If you're with Belong Mobile in Australia, you might want to check your account security right about now. Multiple customers are reporting sophisticated, coordinated cyber attacks that started with mysterious data gifts and ended with compromised bank accounts.

Here's how it went down, according to detailed accounts posted on Reddit: Three housemates in Australia, all using Belong, received identical "gifts" of 1024MB of data from the same unknown number on April 26. Weird, but not immediately alarming.

Then the real attack began. One victim received a text and email saying changes had been requested to her account - changes she never made. While she was on the phone with Belong reporting it, she received another message with a verification code for an unauthorized SIM swap.

The company told her the account would be marked as "suspicious." Then, while still on the phone with support, her SIM was successfully swapped and her phone service cut off at 3:30pm.

For the next hour, emails flooded in: her bank, Google account, PayPal, and Afterpay had all been compromised. The attackers changed her passwords and email addresses, locking her out completely. It took a week to regain access to most accounts. Her main Google account is still in the hands of whoever did this.

Ten days later, the second housemate got hit with the exact same attack pattern. This time she moved faster to disable the phone number verification, which stopped the attackers from fully locking her out of accounts. Through her Google account, she could see an active session in Victoria - they're nowhere near there - with a new Victorian address attached.

The third housemate, who posted the warning, changed their account email as a precaution. It took two minutes and the only verification Belong required was date of birth (easily found online) and a security code sent to the phone number - which would be useless if the SIM was already swapped.

Mate, this is shocking security for a major telco. Belong is owned by Telstra, one of Australia's biggest telecommunications companies. If their verification process is just DOB and SMS codes, they're basically handing over the keys to anyone who can social engineer their way past a call center.
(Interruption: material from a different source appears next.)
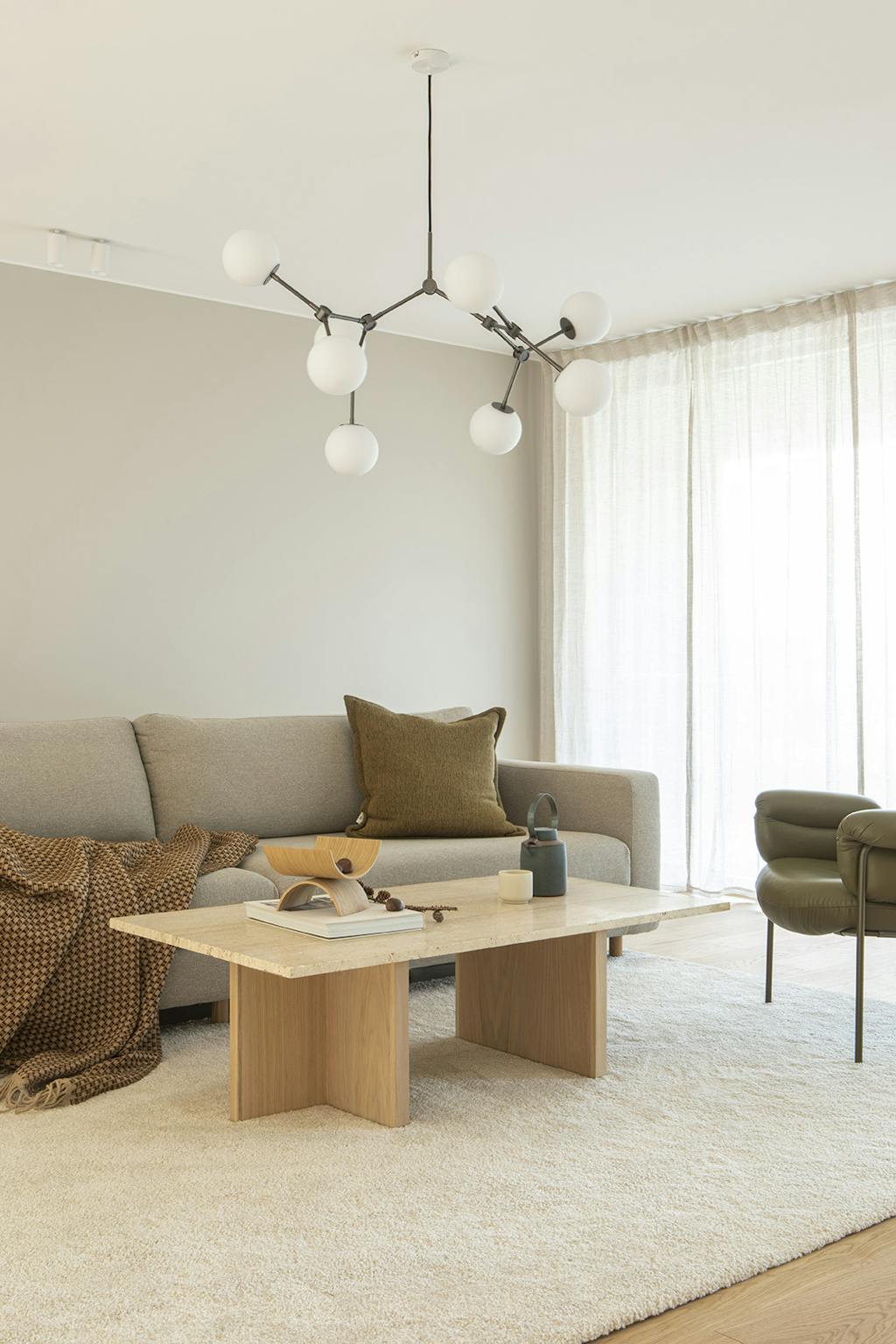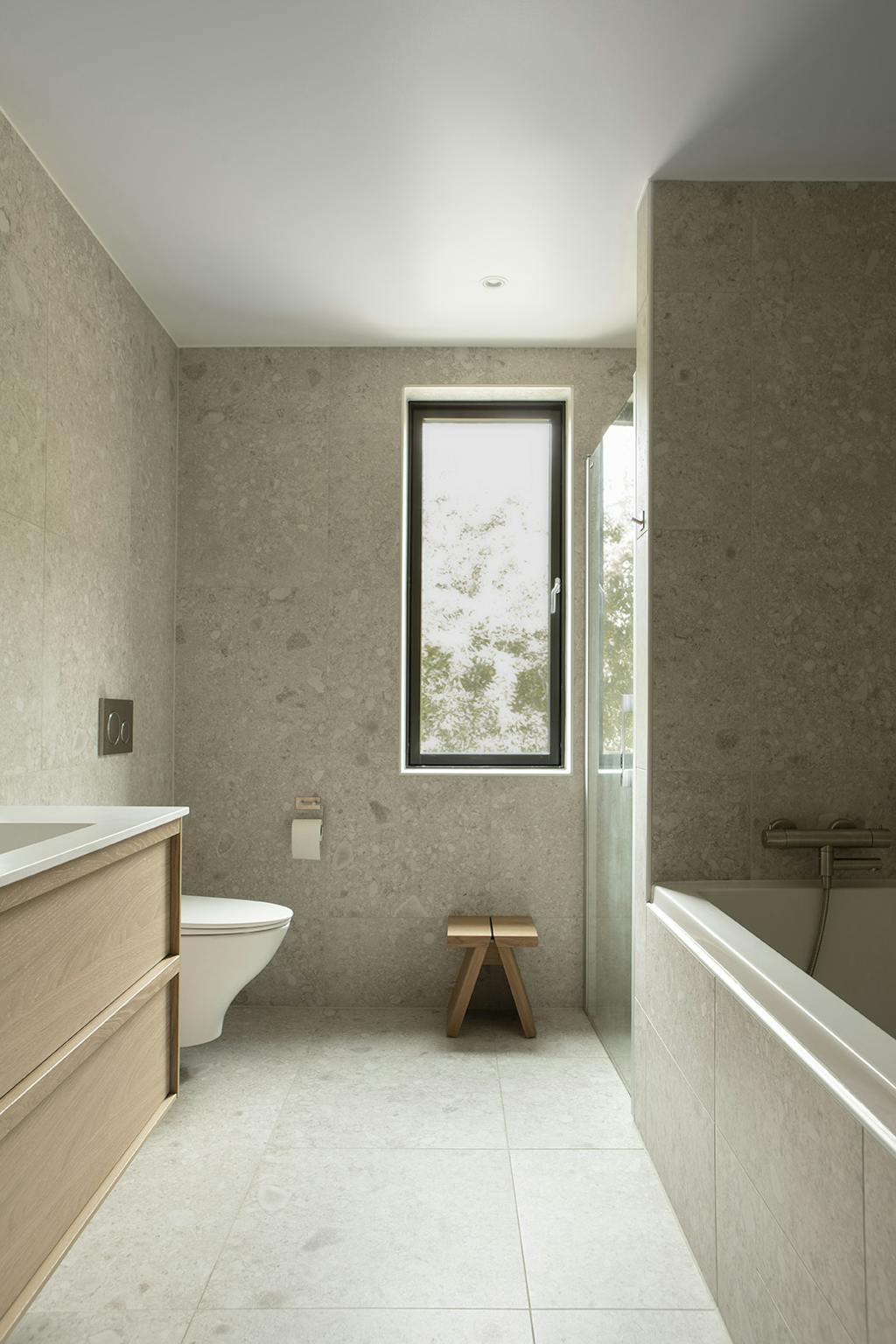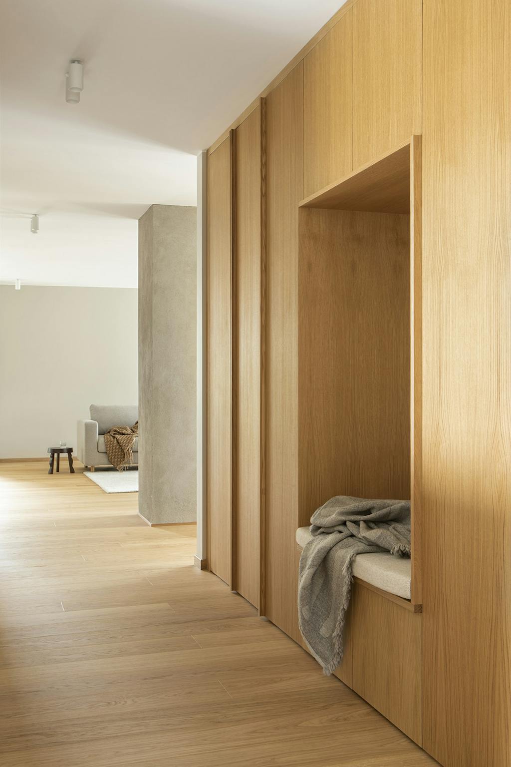 I alle rum, fra det store køkken-alrum til soveværelset, de brede gange, trappen, gulvet og de indvendige døre, ser man varmt egetræ. Store vinduer strækker sig fra gulv til loft, og i soveværelserne og tv-stuen er der et dejligt blødt væg til væg-tæppe. Ellers er farvepaletten lys med indslag af sten, læder og bløde tekstiler samt detaljer i mørkere jordfarver.

The pattern suggests a coordinated attack exploiting systemic vulnerabilities: the identical data gifts, the timing on weekends when victims have less recourse, the rapid progression from SIM swap to account takeover. This isn't some random phishing scam - it's sophisticated and repeatable.

SIM-swapping has become a major vector for identity theft because once attackers control your phone number, they can bypass two-factor authentication on banking and email accounts. And if your telco's security is weak enough, it's disturbingly easy.

Belong customers should immediately enable additional account security, consider switching providers if possible, and definitely not rely on SMS-based two-factor authentication for critical accounts. Use authenticator apps instead.

The bigger question is what Belong and the broader telco industry are doing to fix these glaring security holes. Because right now, the attackers seem to be winning.